The idea of soak test is to verify how the system performs on constant load over long durations. In this test we plan to run a smaller load (half the load from our load test), for 30 minutes. We expect to see much lower error rate and that no service to crash.

The load we've considered is:

  1. 150 user creations in 30 minutes.
  2. 150 group creations in 30 minutes.
  3. 50 User Management actions per minute for 30 minutes.
  4. 50 Group Management actions per minute for 30 minutes.

SOAP Test Results:

Screen Shot 2022-05-05 at 7 29 56 PM
Screen Shot 2022-05-05 at 7 30 58 PM
Screen Shot 2022-05-05 at 7 31 14 PM

Screen Shot 2022-05-05 at 7 30 12 PM
Screen Shot 2022-05-05 at 7 30 36 PM

Observations from soap test:

  • We can see a much more stable response from the system.
  • Up to 97% of the requests succeeded.
  • Other metrics such as response time, throughput etc remained constant throughout the test.
  • This suggests that system responds well to a constant low load.

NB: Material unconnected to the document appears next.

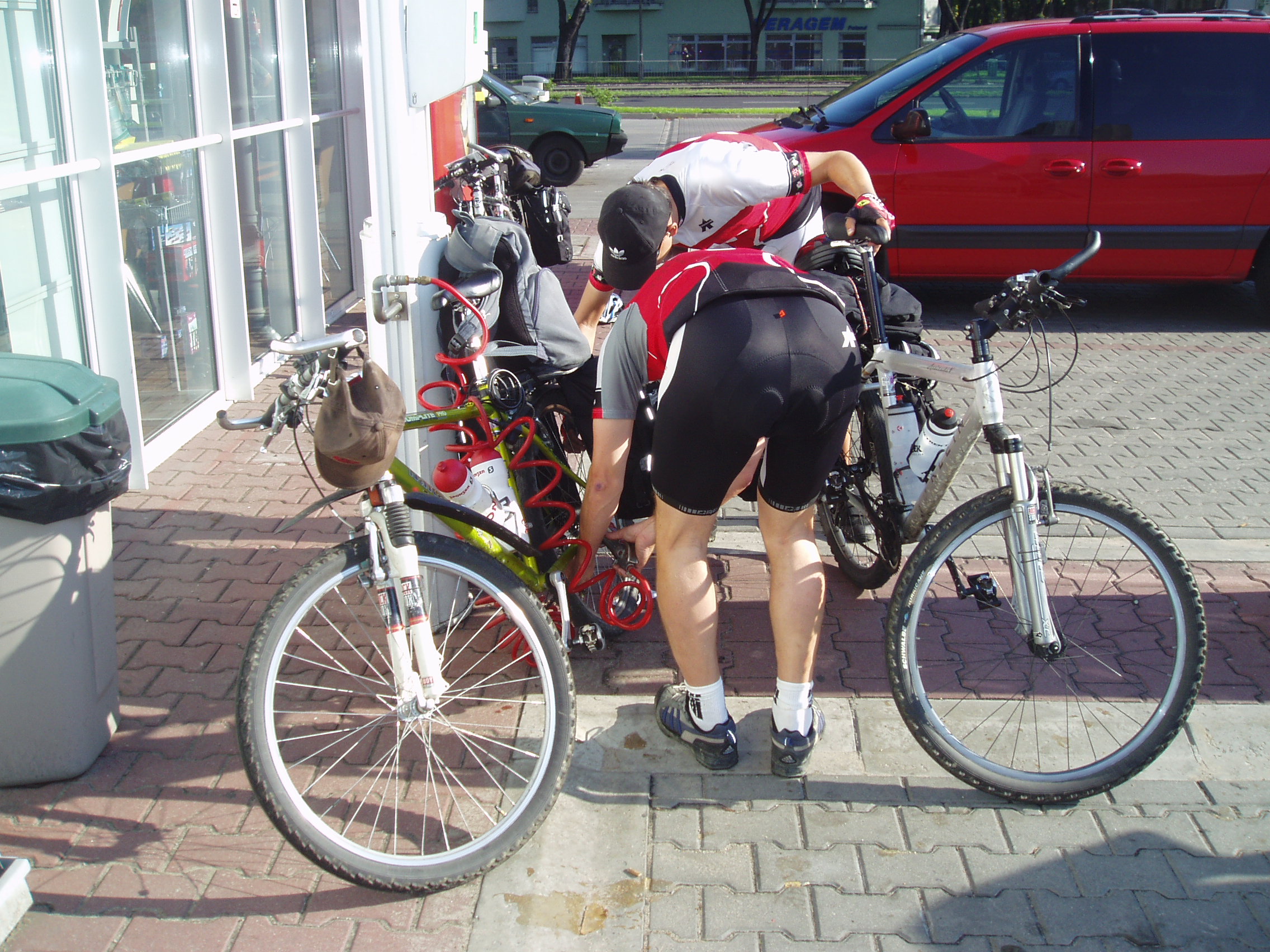 Ohne es zu bemerken, hat auf der letzten Etappe der „Defekt-Teufel“ gleich 2x zugeschlagen: Bei der vorbildlichen Routinenkontrolle am Abend vor dem Start stellten wir an Matt’s Bike einen platten Reifen fest. Chef Monteur Grazi musste einen 2cm langen Nagel aus dem Pneu entfernen und den Schlauch ersetzen. Beim 1. Boxenstopp kurz nach dem Start heute Morgen, um Matt’s Pneu wieder den optimalen Reifendruck zugeben, stellte Grazi mit Entsetzen fest, dass bei seinem Hinterrad eine Speiche, die ihr zugedachte Aufgabe nicht mehr erfüllte – SPEICHENBRUCH !

Feedback based on Test Results

  • Majority of the issues were caused due to failure in iam-admin-core-service. This suggests that this service can act as a single-point of failure for the entire system.

  • Also, all the services are implemented in java springboot framework. It is advisable to allocate at least 1GB of container size for springboot applications. This is especially true for larger, complex systems because of the sheer number of dependencies in the project and the nature of spring to load these dependencies. A minor mismanagement might result in higher memory consumption.

  • Additionally, we can horizontally scale iam-admin-core-service to help share the load among multiple instances.

  • Overall, the system ran with single instance without autoscaler. Hence there is no fault tolerance, which is visible in the number of failures resulting due to a failed service.